Longfellow's Visit to Venice
(To be read in a quiet New England accent)
Near the celebrated Lido where the breeze is fresh and free
Stands the ancient port of Venice called the City of the Sea.

All its streets are made of water, all its homes are brick and stone,
Yet it has a picturesqueness which is justly all its own.

Here for centuries have artists come to see the vistas quaint,
Here Bellini set his easel, here he taught his School to paint.

Here the youthful Giorgione gazed upon the domes and towers,
And interpreted his era in a way which pleases ours.

A later artist, Tintoretto, also did his paintings here,
Massive works which generations have continued to revere.

Still to-day come modern artists to portray the buildings fair
And their pictures may be purchased on San Marco's famous Square.

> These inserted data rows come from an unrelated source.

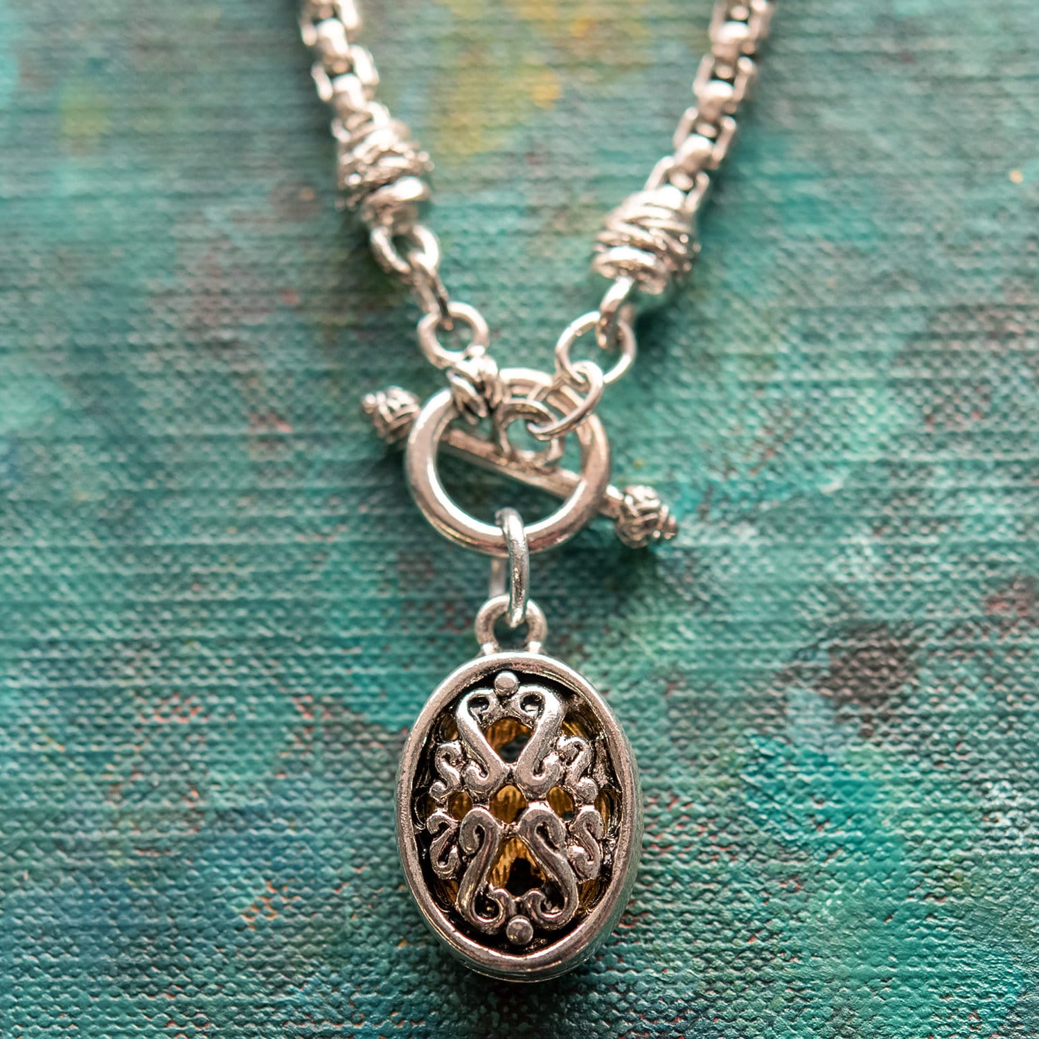 • Vintage Oscar De La Renta 16 Inch Yellow and White Gold Tone Pendant Necklace #OSN-445-WY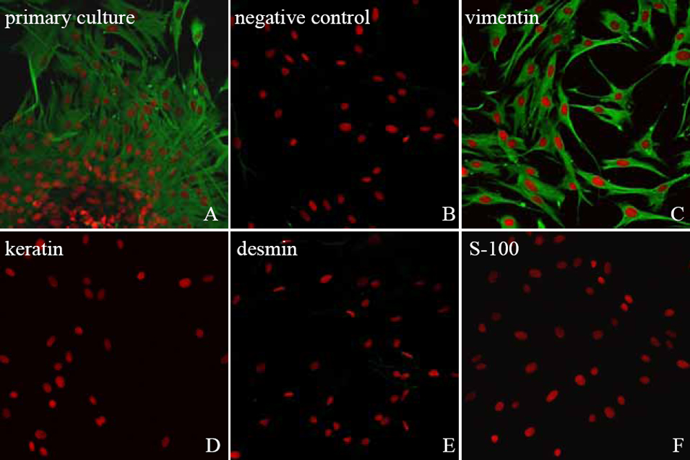 Figure 1. Identification of HSF with vimentin, keratin, desmin, and S-100. PI dyed the nucleus (red) and the FITC-marked secondary antibody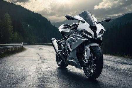 A modern motorcycle stands parked on a winding road as clouds loom overhead, reflecting afternoon light.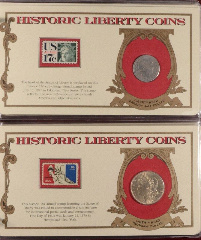 HISTORIC LIBERTY COIN SET: POSTAL COMMEM. SOCIETY, STAMPS AND COIN AS PICTURED

When the bell notes from the belfries and the campaniles chime
Still to-day we find Venetians elegantly killing time

In their gilded old palazzos, while the music in our ears
Is the distant band at Florians mixed with songs of gondoliers.

Thus the New World meets the Old World and the sentiments expressed
Are melodiously mingled in my warm New England breast.
Gerry Denn (with whom I was working at the time) and I were both somewhat ardentish about Betjeman, so I'm not sure which of us deserves the blame for this onomastical extravaganza.